All that is wanted is the exact text of the lines below from the one with "This is AK75" through the one with "キラキラなグリッターとギラギ", inclusive, minus any pictures.

*** Opening of LISTED RECORDS ***

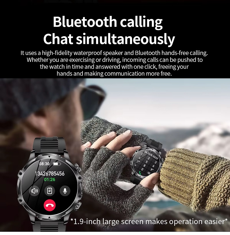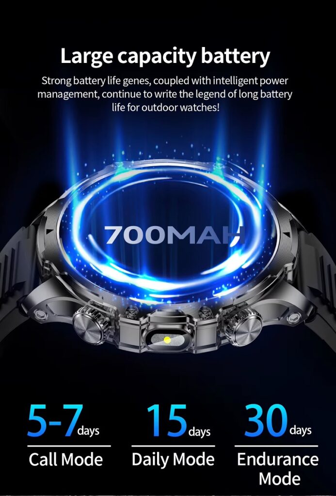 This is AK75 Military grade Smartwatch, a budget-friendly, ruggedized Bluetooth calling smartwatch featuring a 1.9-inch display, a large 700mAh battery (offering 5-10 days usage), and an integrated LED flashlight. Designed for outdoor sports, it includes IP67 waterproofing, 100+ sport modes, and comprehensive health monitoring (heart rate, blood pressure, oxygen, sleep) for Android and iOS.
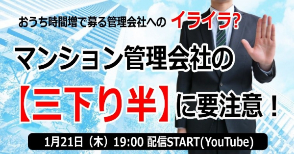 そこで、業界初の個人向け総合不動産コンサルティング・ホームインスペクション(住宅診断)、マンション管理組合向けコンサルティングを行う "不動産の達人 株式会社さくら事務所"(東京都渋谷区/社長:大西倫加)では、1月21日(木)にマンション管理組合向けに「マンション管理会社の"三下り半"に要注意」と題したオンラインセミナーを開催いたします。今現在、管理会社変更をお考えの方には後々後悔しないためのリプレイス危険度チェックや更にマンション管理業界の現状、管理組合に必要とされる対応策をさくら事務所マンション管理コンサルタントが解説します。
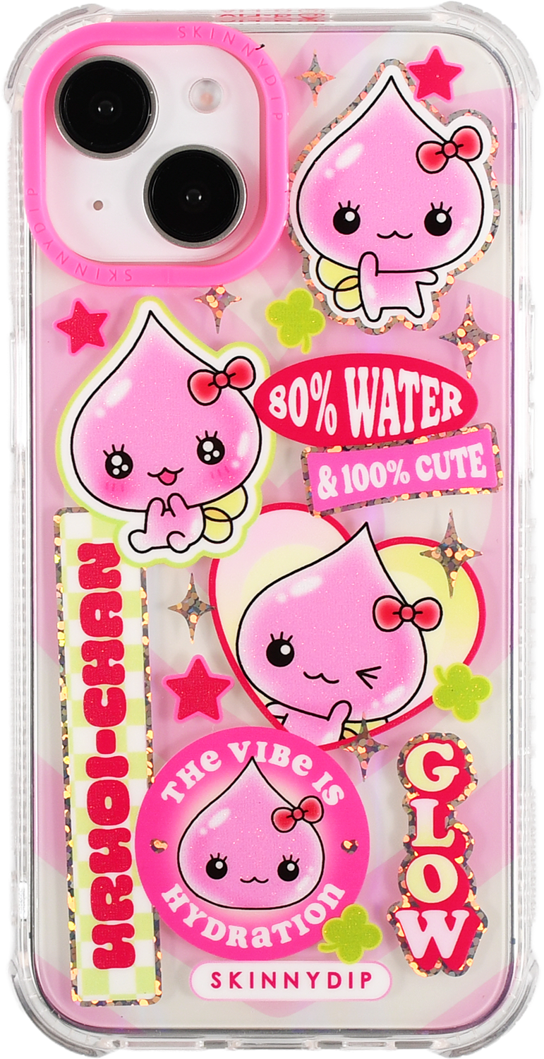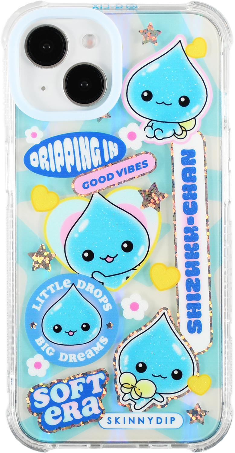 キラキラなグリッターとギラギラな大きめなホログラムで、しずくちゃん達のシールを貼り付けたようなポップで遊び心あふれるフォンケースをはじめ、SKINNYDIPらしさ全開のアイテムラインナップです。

*** Close of LISTED RECORDS ***
*** Opening of LISTED RECORDS ***

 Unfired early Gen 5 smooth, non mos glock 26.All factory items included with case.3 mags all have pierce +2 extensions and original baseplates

*** Close of LISTED RECORDS ***
*** Opening of LISTED RECORDS ***

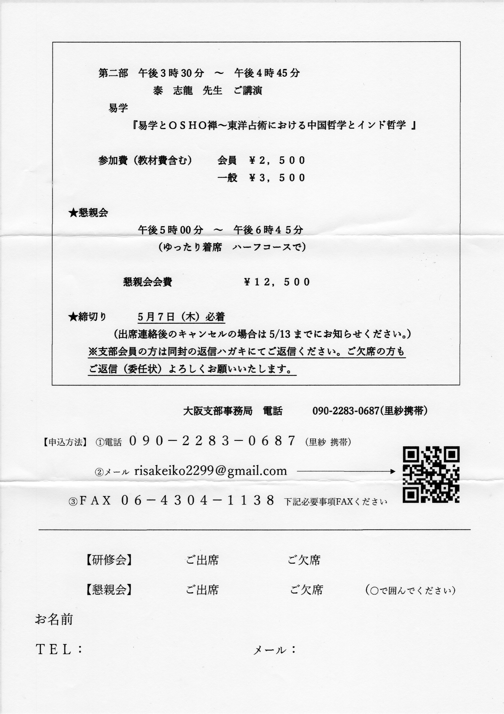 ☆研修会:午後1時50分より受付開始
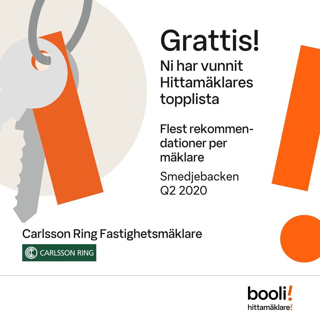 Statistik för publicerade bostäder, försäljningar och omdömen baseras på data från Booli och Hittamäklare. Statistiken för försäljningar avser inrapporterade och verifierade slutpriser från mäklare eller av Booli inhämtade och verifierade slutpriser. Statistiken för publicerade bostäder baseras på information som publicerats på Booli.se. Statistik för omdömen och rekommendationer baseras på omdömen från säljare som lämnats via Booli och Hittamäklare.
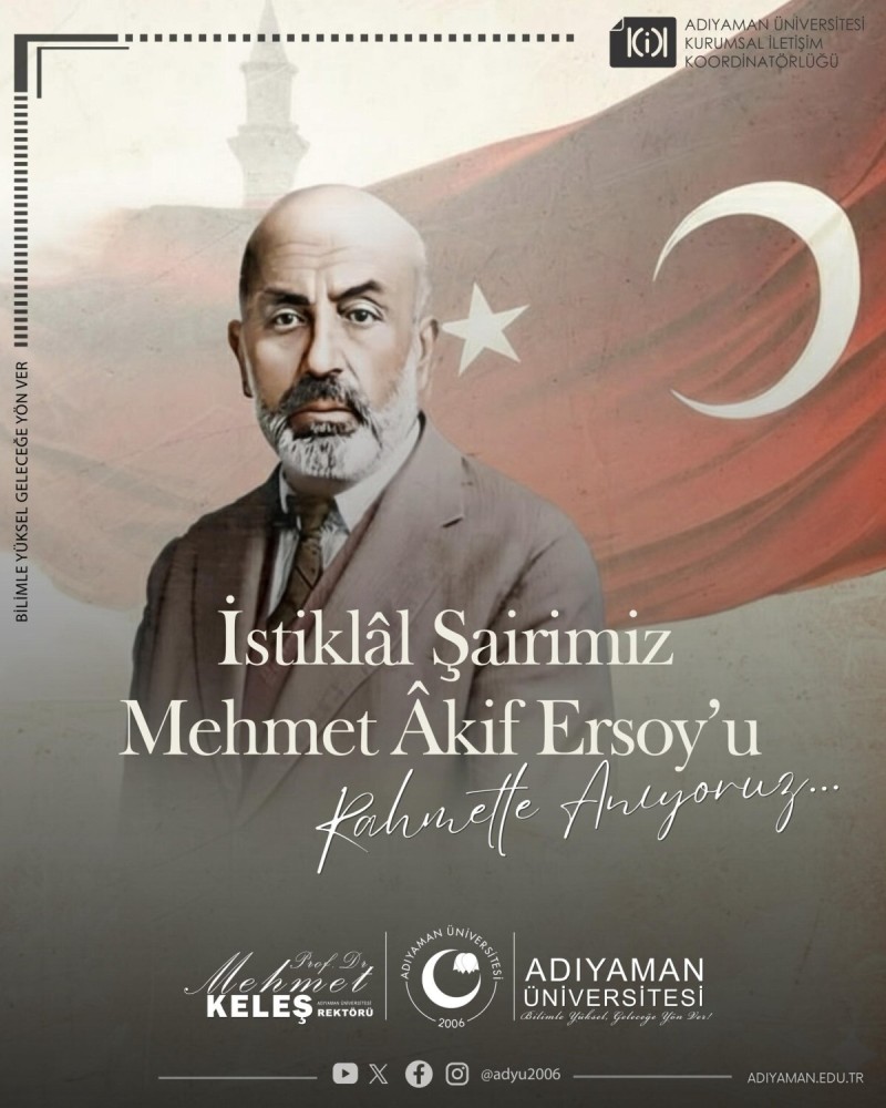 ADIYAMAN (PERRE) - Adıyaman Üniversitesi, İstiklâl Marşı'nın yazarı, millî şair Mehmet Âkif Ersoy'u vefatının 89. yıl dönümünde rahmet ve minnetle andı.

*** Close of LISTED RECORDS ***

• _EXERCISE RESULT_
 This is AK75 Military grade Smartwatch, a budget-friendly, ruggedized Bluetooth calling smartwatch featuring a 1.9-inch display, a large 700mAh battery (offering 5-10 days usage), and an integrated LED flashlight. Designed for outdoor sports, it includes IP67 waterproofing, 100+ sport modes, and comprehensive health monitoring (heart rate, blood pressure, oxygen, sleep) for Android and iOS.
 そこで、業界初の個人向け総合不動産コンサルティング・ホームインスペクション(住宅診断)、マンション管理組合向けコンサルティングを行う "不動産の達人 株式会社さくら事務所"(東京都渋谷区/社長:大西倫加)では、1月21日(木)にマンション管理組合向けに「マンション管理会社の"三下り半"に要注意」と題したオンラインセミナーを開催いたします。今現在、管理会社変更をお考えの方には後々後悔しないためのリプレイス危険度チェックや更にマンション管理業界の現状、管理組合に必要とされる対応策をさくら事務所マンション管理コンサルタントが解説します。
 キラキラなグリッターとギラギラな大きめなホログラムで、しずくちゃん達のシールを貼り付けたようなポップで遊び心あふれるフォンケースをはじめ、SKINNYDIPらしさ全開のアイテムラインナップです。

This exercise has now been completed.